### Data segment
*-*-*

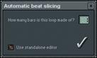 3. Configurez le BeatSlicer. Une fois le rythme sélectionné, la fenêtre ci-dessous s’affiche à l’écran. Sélectionnez tout d’abord le nombre de Patterns (mesures) composant la boucle : maintenez le bouton de la souris enfoncé et faites glisser le pointeur. Si vous souhaitez que le rythme soit “découpé” et directement importé dans Fruity Loops, cliquez sur le bouton de validation. Si vous souhaitez utiliser l’éditeur de découpage du rythme, cochez l’option Use Standalone Editor first (l’éditeur comporte une aide spécifique vous donnant des indications sur cette fonction).
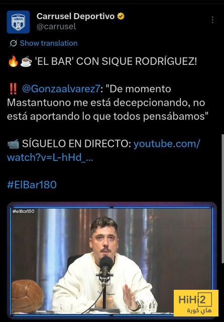 ” في الوقت الحالي، ماستانتونو يخيب أملي كثيرًا ، فهو لا يقدم ما كنا نعتقده جميعًا “.
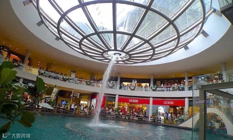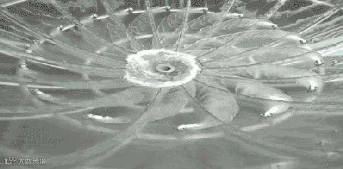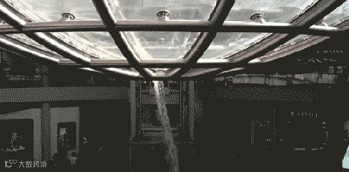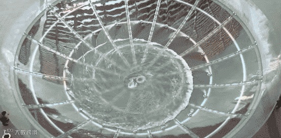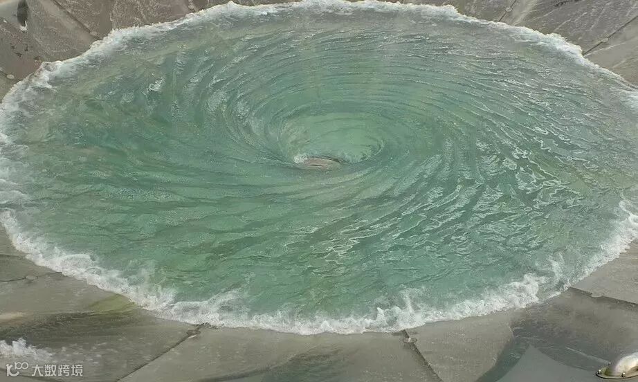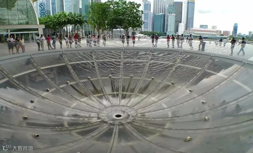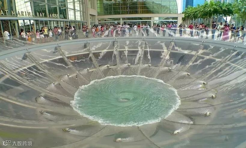 从地面看,这是一个巨大的漏斗形水容器,喷出的水流在玻璃容器形成一个巨大的漩涡!最后由中间的小孔流落下去。

*-*-*

Set down exactly the lines between the one with "في الوقت الحالي،" and the last line of the material above, both included, but none of the pictures.

 ” في الوقت الحالي، ماستانتونو يخيب أملي كثيرًا ، فهو لا يقدم ما كنا نعتقده جميعًا “.
 从地面看,这是一个巨大的漏斗形水容器,喷出的水流在玻璃容器形成一个巨大的漩涡!最后由中间的小孔流落下去。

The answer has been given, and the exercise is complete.